Mark’s Gospel is definite about Jesus’ purpose in appointing apostles. It reads, “He appointed twelve … that they might be with him and he might send them forth to preach” (3:14). They were with him so that he might teach them his unique relationship with God. This is to say that Jesus showed his apostles how to pray. He also sent them out to preach, to take up his ministry. We priests not only have the right but also the duty to see ourselves as Jesus’ apostles. We too have the dual obligation to pray and to minister. These two engagements are the final and most critical keys to holiness.

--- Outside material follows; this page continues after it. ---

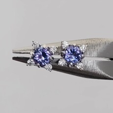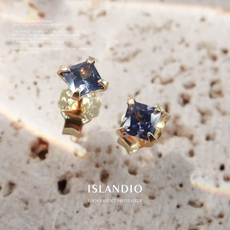 ISLANDIO自制新品坦桑蓝方钻3mm公主切宝石耳钉养耳朵纯银耳饰女
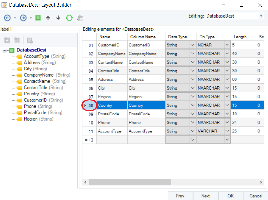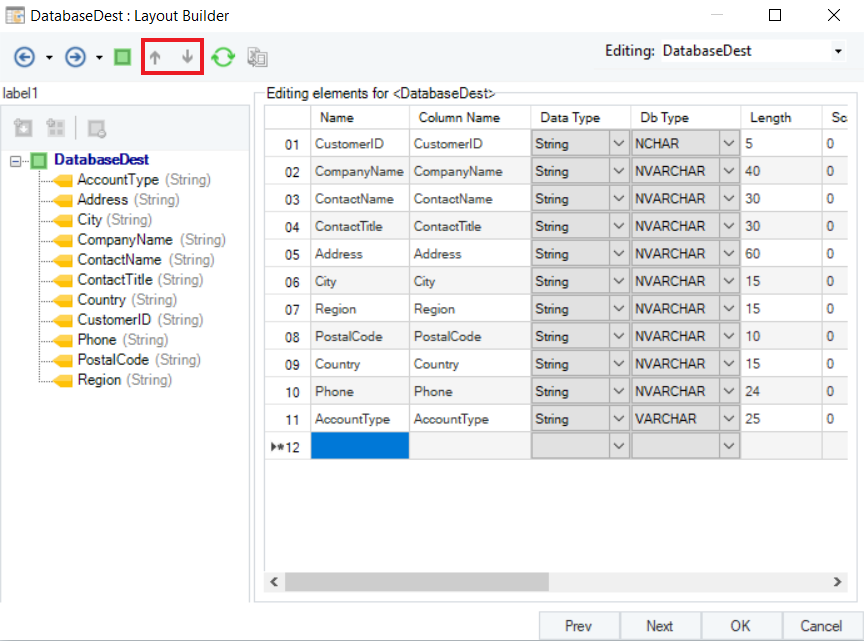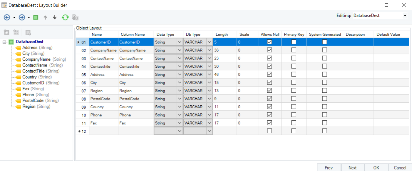 The next window you will see is the Layout Builder. Here, the layout of the database destination file can be modified.

Although not identical with holiness, prayer is as necessary to it as legs are to mountain hiking. Cardinal Avery Dulles writes that a priest who does not pray is a “contradiction in terms.” After all, in persona Christi caput priests lead the people in sacrifices of praise. We must establish a line of communication with God by personal prayer. If not, problems will likely crop up in our service as prayer leaders.
But prayer is more than preparation for and execution of our work. It is carrying on a loving conversation with our beloved. In personal prayer, we express our gratitude for the benefits with which God has inundated our lives.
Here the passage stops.